Currently, its policy makers have ushered in a happy but controversial measure that has clear divisions of approval and dissent. With one stroke Kerala outdid the other Indian states in its attempt to emerge as the healthiest in the country.
Early this week, the state government introduced what it explained as a “fat tax” on fast foods.
The state Finance Minister has announced a "fat tax" of 14.5 per cent on fast food including burgers, pizzas, pasta, doughnuts and sandwiches sold at quick delivery chains and other branded restaurants.
This is a first of its kind move in India. It is likely to impact chains like McDonald’s and Domino’s.
Simply put the fat tax would raise the cost of a medium chicken pizza from rupees 350 to 400.
The tax is part of Left front government’s initiative to shore up revenues of a cash strapped state. The measure is expected to bring in merely rupees 10 crore annually.

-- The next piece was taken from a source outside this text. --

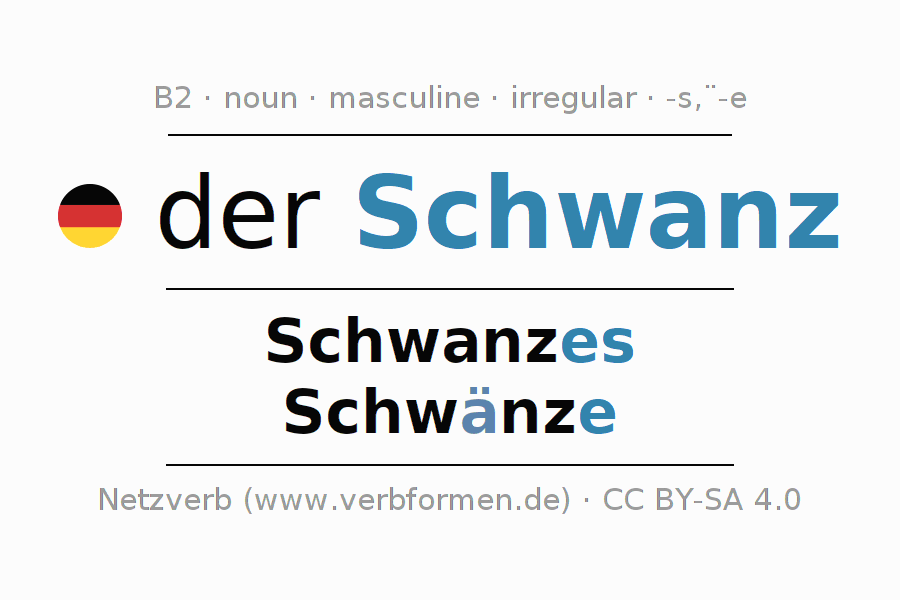 - Singular: der Schwanz, des Schwanzes, dem Schwanz(e), den Schwanz
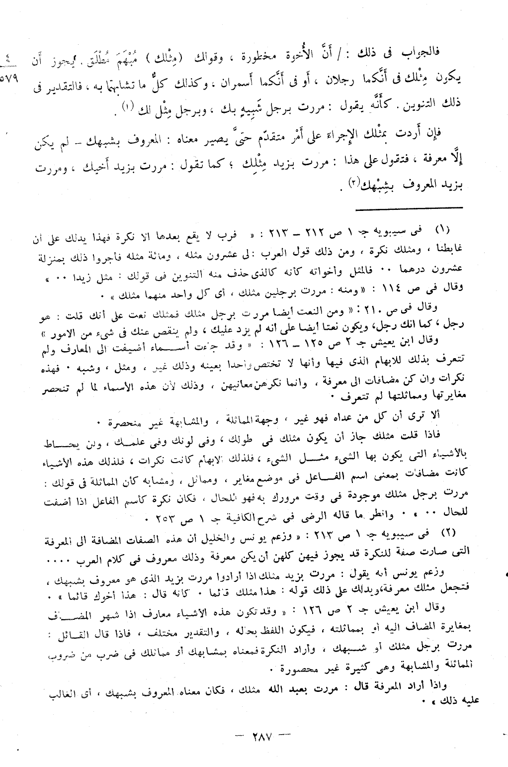فَإِن أردْت بمثلك الإجراء على أَمر مُتَقَدم حَتَّى يصير مَعْنَاهُ الْمَعْرُوف بشبهك لم يكن إِلَّا معرفَة فَتَقول على هَذَا مَرَرْت بزيد مثلك كَمَا تَقول مَرَرْت بزيد أَخِيك ومررت بزيد الْمَعْرُوف بشبهك

During the last regime headed by the UDF, revenues had gone down by four percent in five years. The UDF or the United Democratic Front was a Congress led alliance of political parties in Kerala. In the recent elections, the UDF lost power. While the then ruling party was charged with bad fiscal management for the revenue downslide, it was also rapped for "very low" tax collection in the last five years.
However, one cannot ignore that the crisis in the agricultural sector was a major factor in things being the way they are. Add to this the fact that layoffs in Gulf countries stifled the people and adversely affected their purchasing power. A large number of people from Kerala work in Gulf countries. Thanks to the oil revolution, the Gulf came to be seen as a land of plenty that beckoned cheap labour. The Keralities headed just there.
Aimed at controlling obesity levels, policy makers in Kerala flag several studies and surveys to hammer the point that a tax on unhealthy food and beverages could slow the rising rates of obesity in the same way as taxing cigarettes leads to decrease in the number of smokers.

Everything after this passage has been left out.